Любая мысль об Эдуарде заставляла меня нервничать. Больше всего мне хотелось, чтобы всё это закончилось, чтобы он навсегда исчез из моей жизни.
Штамп в паспорте, его фамилия… В первый же выходной я собиралась подать на развод. Первая растерянность прошла, и я дала себе обещание — не сдамся. Не сдамся, чёрт подери, пусть даже годы, прожитые с Эдуардом, оставили во мне неизгладимый след.
— Нет, — Демьян, как обычно, смотрел на меня. — Это касается исключительно работы.
— Ты едешь в командировку? — пакет в руках Сони зашуршал, и она поставила его на землю, но тут же подняла, поняв, что асфальт сырой.
— Да, — тон его не изменился, и меня опять поразило, что он разговаривает с ней, как со взрослым, равным себе человеком. — Привезу тебе что-нибудь. Как насчёт куклы?
Соня засмущалась. Опустила взгляд, потом снова посмотрела на Демьяна и, кивнув, заулыбалась.
— Договорились, — в уголках губ Терентьева появился намёк на улыбку.
Всё ещё смущённая, Сонька отбежала к подъезду, я же резко выговорила:
— Никогда не давай ребёнку обещаний, которые всё равно не сдержишь, — внутри появилась горечь. Сколько раз она вот так улыбалась, сколько раз ждала… Ждала, а потом я шла в соседний магазин и покупала кукол, мишек… Только обмануть её всё равно не выходило, и все эти куклы, игрушки, лежали беспризорные и ненужные. Не зная, она чувствовала ложь. Потому что дети всё чувствуют, знают даже то, чего знать не могут.
— Почему не сдержу? — очень серьёзно спросил Демьян.
— Потому что забудешь. Потому что не будет времени. Потому что найдутся другие дела, — прочеканила я. — Будет что-нибудь важнее, Демьян. Обязательно будет.
Он молчал. Некоторое время смотрел на Соню, потом в темноту питерского вечера и наконец очень жёстко проговорил, впившись взглядом в моё лицо:
— Я никогда не говорю просто так, — взял меня за шарф и потянул на себя. Отпустил и провёл пальцами по вороту пальто. — Запомни и это тоже, Дарина. Я никогда не даю пустых обещаний.

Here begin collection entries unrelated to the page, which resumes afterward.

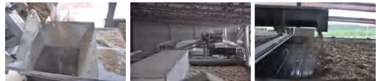
DISTRIBUTION DEVICE: Even distribution of manure on the drying plate leads to uniform and efficient drying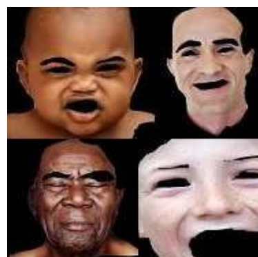
Fig. 2. Manually segmented training data.

compared to their correspondences in the last frame in the sequence given in frame 3. Four small regions have been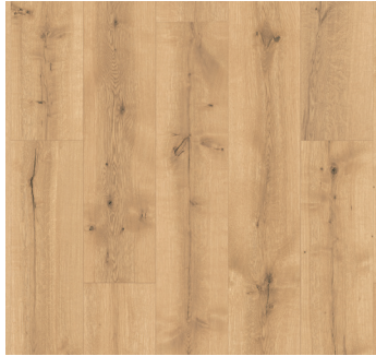
TAWNY OWL OAK | 158

Colors will stay vibrant for a lifetime and will resist fading from sunlight.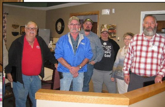
Participants and evaluators at Good Samaritan, Superior.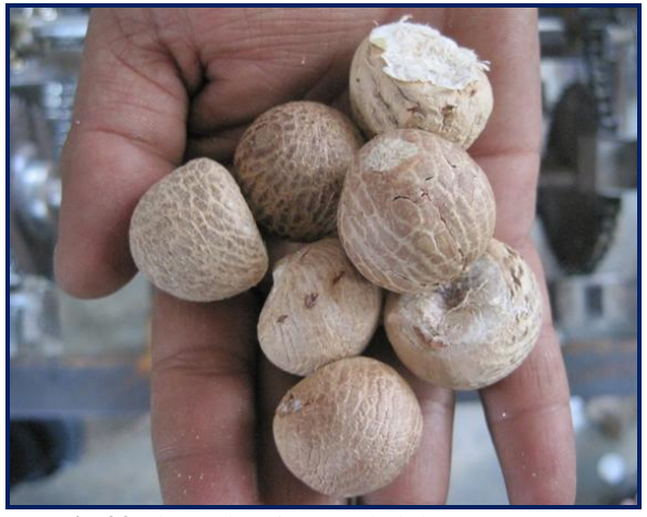
Fig.22 Photo showing peeled dry Areca nuts

three cutters making it suitable for Dehusking of three grades of Areca nut. Hence this machine has overcome the problems associated with the existing machines. After performing three experiments with different speeds and changing the number of cutters used, it can be concluded that the machine has an efficiency of 74% with single cutter at 125rpm.

Его тёплое дыхание коснулось моей кожи, ладонь прошлась по боку и остановилась на талии. Тёмно-карие глаза манили таящимся в глубине зрачков пламенем, и я против воли сглотнула, понимая, что хочу прикоснуться к нему. Глинтвейн… Это просто глинтвейн: пряный, дурманящий. И ещё запах. Запах Демьяна…
— Я позвоню тебе, — сказал он, отпустив меня и, развернувшись, пошёл к ожидающей его машине.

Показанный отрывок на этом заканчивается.